Data records:
★ ★ ★ ★ ★ ★ ★

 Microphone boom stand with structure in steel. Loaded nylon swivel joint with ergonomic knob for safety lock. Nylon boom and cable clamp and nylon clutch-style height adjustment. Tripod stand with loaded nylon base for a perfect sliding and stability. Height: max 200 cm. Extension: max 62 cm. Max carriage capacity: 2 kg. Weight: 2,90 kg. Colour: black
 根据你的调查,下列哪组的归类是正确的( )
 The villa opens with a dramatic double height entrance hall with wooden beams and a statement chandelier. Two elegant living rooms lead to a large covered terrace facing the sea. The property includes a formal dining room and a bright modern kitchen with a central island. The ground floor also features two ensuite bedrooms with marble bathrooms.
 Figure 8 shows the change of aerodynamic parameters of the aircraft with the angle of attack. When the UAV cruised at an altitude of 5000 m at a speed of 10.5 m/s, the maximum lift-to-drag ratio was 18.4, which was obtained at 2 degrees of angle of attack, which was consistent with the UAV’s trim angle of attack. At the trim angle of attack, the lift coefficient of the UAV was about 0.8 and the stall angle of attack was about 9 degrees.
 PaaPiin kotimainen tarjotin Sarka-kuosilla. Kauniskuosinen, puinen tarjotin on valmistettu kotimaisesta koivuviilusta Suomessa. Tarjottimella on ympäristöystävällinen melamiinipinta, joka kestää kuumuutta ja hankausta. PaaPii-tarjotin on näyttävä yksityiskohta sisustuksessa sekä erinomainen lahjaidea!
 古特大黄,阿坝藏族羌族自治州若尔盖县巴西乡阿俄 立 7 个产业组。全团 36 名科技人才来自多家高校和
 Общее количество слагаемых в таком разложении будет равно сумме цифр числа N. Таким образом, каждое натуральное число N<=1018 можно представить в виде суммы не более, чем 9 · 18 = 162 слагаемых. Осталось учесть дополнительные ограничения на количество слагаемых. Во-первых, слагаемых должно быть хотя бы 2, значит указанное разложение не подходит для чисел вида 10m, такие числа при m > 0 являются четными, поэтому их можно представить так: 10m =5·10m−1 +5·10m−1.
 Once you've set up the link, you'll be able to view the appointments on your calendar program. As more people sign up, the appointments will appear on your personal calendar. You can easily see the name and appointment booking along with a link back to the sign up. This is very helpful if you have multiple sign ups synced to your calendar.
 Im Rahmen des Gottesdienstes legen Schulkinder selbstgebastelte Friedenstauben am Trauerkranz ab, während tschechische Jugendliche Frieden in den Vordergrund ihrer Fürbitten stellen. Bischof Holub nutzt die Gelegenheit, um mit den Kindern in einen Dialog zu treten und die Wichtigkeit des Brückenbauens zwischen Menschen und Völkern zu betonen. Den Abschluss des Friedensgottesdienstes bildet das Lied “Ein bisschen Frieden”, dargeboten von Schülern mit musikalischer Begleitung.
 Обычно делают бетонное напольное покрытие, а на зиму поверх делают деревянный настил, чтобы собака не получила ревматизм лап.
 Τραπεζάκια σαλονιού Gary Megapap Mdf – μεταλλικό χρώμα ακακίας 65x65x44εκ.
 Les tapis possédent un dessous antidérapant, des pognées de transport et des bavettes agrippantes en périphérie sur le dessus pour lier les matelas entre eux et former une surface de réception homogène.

★ ★ ★ ★ ★ ★ ★

## [Exercise prompt]
Repeat all of the data exactly.

## [Task answer]
 Microphone boom stand with structure in steel. Loaded nylon swivel joint with ergonomic knob for safety lock. Nylon boom and cable clamp and nylon clutch-style height adjustment. Tripod stand with loaded nylon base for a perfect sliding and stability. Height: max 200 cm. Extension: max 62 cm. Max carriage capacity: 2 kg. Weight: 2,90 kg. Colour: black
 根据你的调查,下列哪组的归类是正确的( )
 The villa opens with a dramatic double height entrance hall with wooden beams and a statement chandelier. Two elegant living rooms lead to a large covered terrace facing the sea. The property includes a formal dining room and a bright modern kitchen with a central island. The ground floor also features two ensuite bedrooms with marble bathrooms.
 Figure 8 shows the change of aerodynamic parameters of the aircraft with the angle of attack. When the UAV cruised at an altitude of 5000 m at a speed of 10.5 m/s, the maximum lift-to-drag ratio was 18.4, which was obtained at 2 degrees of angle of attack, which was consistent with the UAV’s trim angle of attack. At the trim angle of attack, the lift coefficient of the UAV was about 0.8 and the stall angle of attack was about 9 degrees.
 PaaPiin kotimainen tarjotin Sarka-kuosilla. Kauniskuosinen, puinen tarjotin on valmistettu kotimaisesta koivuviilusta Suomessa. Tarjottimella on ympäristöystävällinen melamiinipinta, joka kestää kuumuutta ja hankausta. PaaPii-tarjotin on näyttävä yksityiskohta sisustuksessa sekä erinomainen lahjaidea!
 古特大黄,阿坝藏族羌族自治州若尔盖县巴西乡阿俄 立 7 个产业组。全团 36 名科技人才来自多家高校和
 Общее количество слагаемых в таком разложении будет равно сумме цифр числа N. Таким образом, каждое натуральное число N<=1018 можно представить в виде суммы не более, чем 9 · 18 = 162 слагаемых. Осталось учесть дополнительные ограничения на количество слагаемых. Во-первых, слагаемых должно быть хотя бы 2, значит указанное разложение не подходит для чисел вида 10m, такие числа при m > 0 являются четными, поэтому их можно представить так: 10m =5·10m−1 +5·10m−1.
 Once you've set up the link, you'll be able to view the appointments on your calendar program. As more people sign up, the appointments will appear on your personal calendar. You can easily see the name and appointment booking along with a link back to the sign up. This is very helpful if you have multiple sign ups synced to your calendar.
 Im Rahmen des Gottesdienstes legen Schulkinder selbstgebastelte Friedenstauben am Trauerkranz ab, während tschechische Jugendliche Frieden in den Vordergrund ihrer Fürbitten stellen. Bischof Holub nutzt die Gelegenheit, um mit den Kindern in einen Dialog zu treten und die Wichtigkeit des Brückenbauens zwischen Menschen und Völkern zu betonen. Den Abschluss des Friedensgottesdienstes bildet das Lied “Ein bisschen Frieden”, dargeboten von Schülern mit musikalischer Begleitung.
 Обычно делают бетонное напольное покрытие, а на зиму поверх делают деревянный настил, чтобы собака не получила ревматизм лап.
 Τραπεζάκια σαλονιού Gary Megapap Mdf – μεταλλικό χρώμα ακακίας 65x65x44εκ.
 Les tapis possédent un dessous antidérapant, des pognées de transport et des bavettes agrippantes en périphérie sur le dessus pour lier les matelas entre eux et former une surface de réception homogène.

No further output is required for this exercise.